I can draw from concealment in under 2 seconds.   I would create more distance, move lateral and HOPEFULLY get some rounds into the guy.

The only empty hand |I think would even come to mind is a palm down and strike the throat combo.    I will have to think about this oen some more.    I would def be expecting to get cut.   This one will be tough.


----------



## KenpoTex (Feb 9, 2008)

searcher said:


> I can draw from concealment in under 2 seconds. I would create more distance, move lateral and HOPEFULLY get some rounds into the guy.
> 
> The only empty hand |I think would even come to mind is a palm down and strike the throat combo. I will have to think about this oen some more. I would def be expecting to get cut. This one will be tough.


you'll notice though that the "attacker" was on the guy and making hits in less than _one_ second...


----------



## Doc_Jude (Feb 9, 2008)

Zone off, get control of that weapon limb, and take it straight to the ground, all the while head-butting and kneeing the attacker. Dealing with the typical "Jail-Yard Rush" in a linear, line-fighting manner is suicide.
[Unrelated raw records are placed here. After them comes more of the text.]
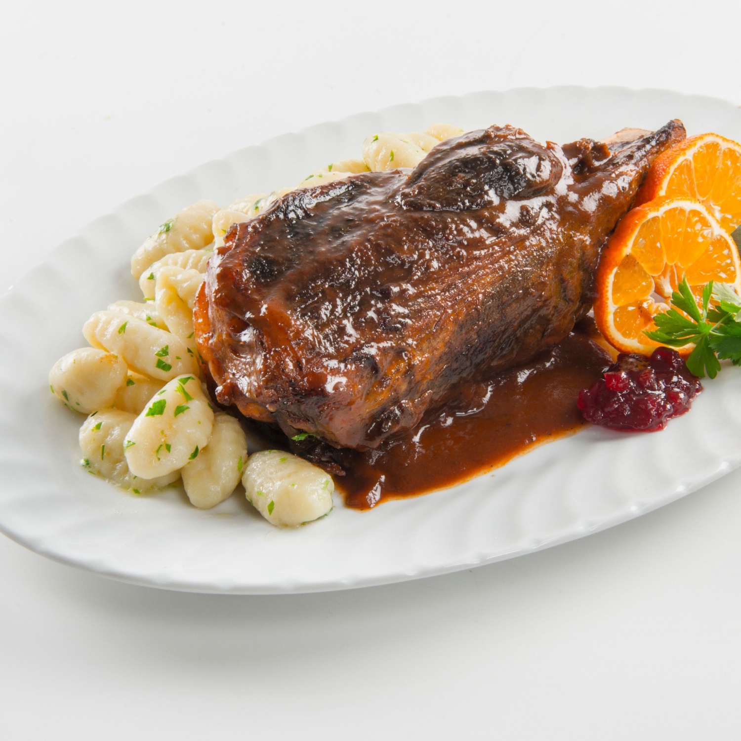Počasi pečene krače divjega prašiča z njoki
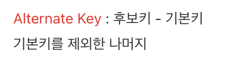 Alternate Key : 후보키 - 기본키
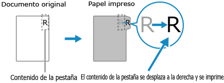 * También puede colocar un original normal y original separador juntos, y copiar en la parte de la pestaña del papel separador a insertar en las copias del original normal.

Any way you cut it, it's scary-scary-scary.


----------



## Brian R. VanCise (Feb 9, 2008)

kenpotex said:


> you'll notice though that the "attacker" was on the guy and making hits in less than _one_ second...


 
This truthfully is the problem.  If you are unaware that the attack is coming or simply clueless you are in for a world of hurt as an attack like this is quick, vicious and decidedly deadly.  Bottom line you do not want to be standing straight on and allowing them to grab and keep you there.
Move off line and counter and hopefully get to the outside of there knife arm where you may be able to assert some control or pass by and run like hell.


----------